Maarten Manse will present his paper “Recasting the Terms of Empire: How Indigenous Translators and Scribes Mediated the Legal Vocabulary of Empire through Treaty-making in Southeast Asia (c. 1750–1900)” at the junior conference Invisible Actors in the Making of International Law (1750–2000), hosted at Sciences Po, Paris, 27–28 November 2025.
Speaking in Panel 2: “Shaping the textualities of international law” on 28 November, Maarten will present how his work examines the crucial role played by indigenous translators and scribes in shaping the legal and diplomatic language of imperial treaties. Rather than passive intermediaries, these actors actively negotiated and reworked legal terminology, translating not only words but political concepts, cultural assumptions, and local understandings of authority.
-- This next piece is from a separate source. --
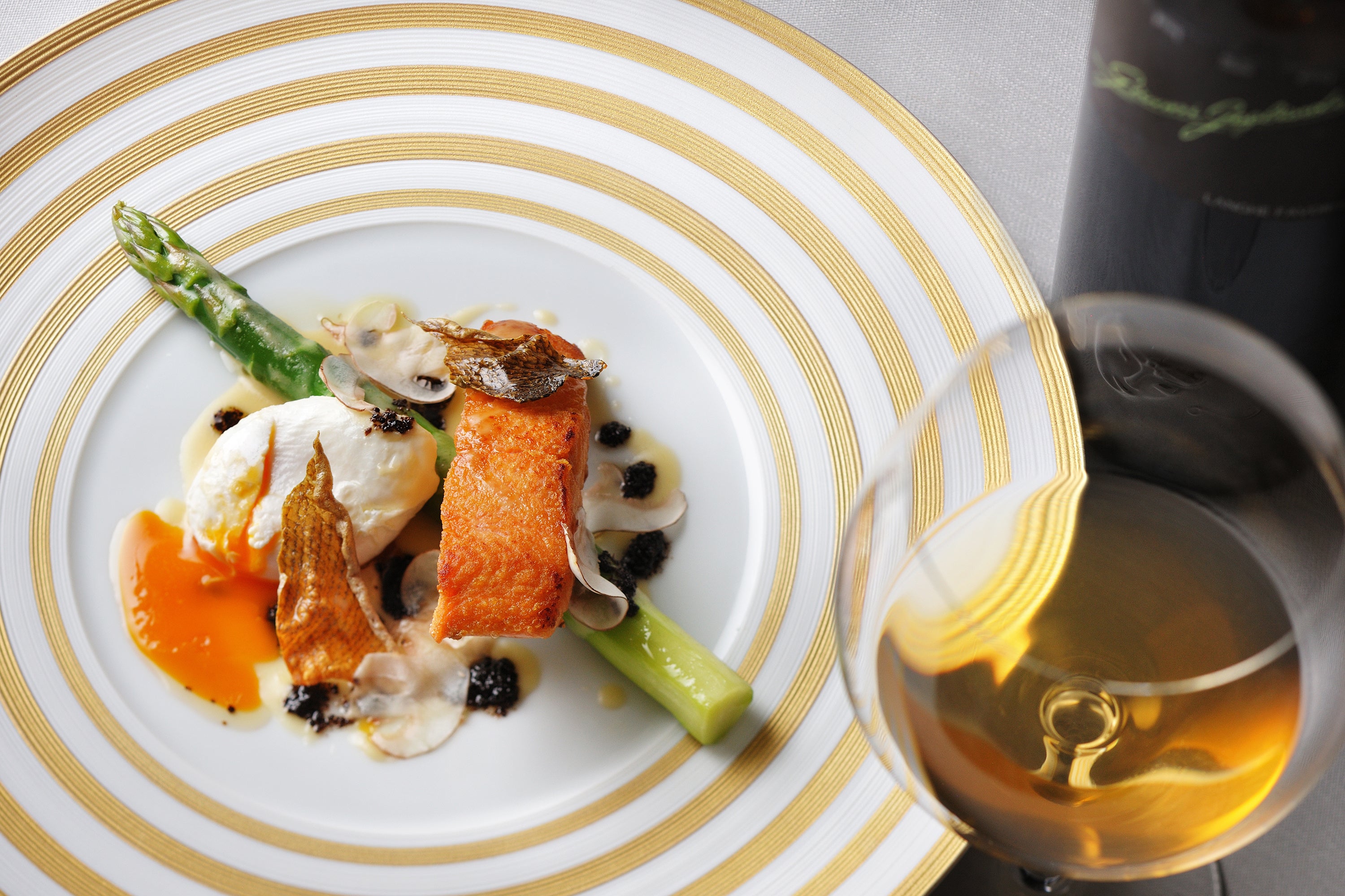 「サクラマスとアスパラミラネーゼ」×「カーザ・ランゲ・ファヴォリータ 2002」(ジャンニ・ガリアルド)

The paper shows how treaty-making was a site of intellectual exchange, where Southeast Asian legal traditions and European imperial frameworks intersected. By tracing the influence of multilingual treaty manuscripts, the research highlights how local agents quietly reshaped the vocabulary of empire and, in doing so, helped to co-create emerging forms of international law.
The conference brings together early-career researchers exploring the hidden contributors who influenced the development of international legal order and will feature keynote speaker Tamar Herzog (Harvard University).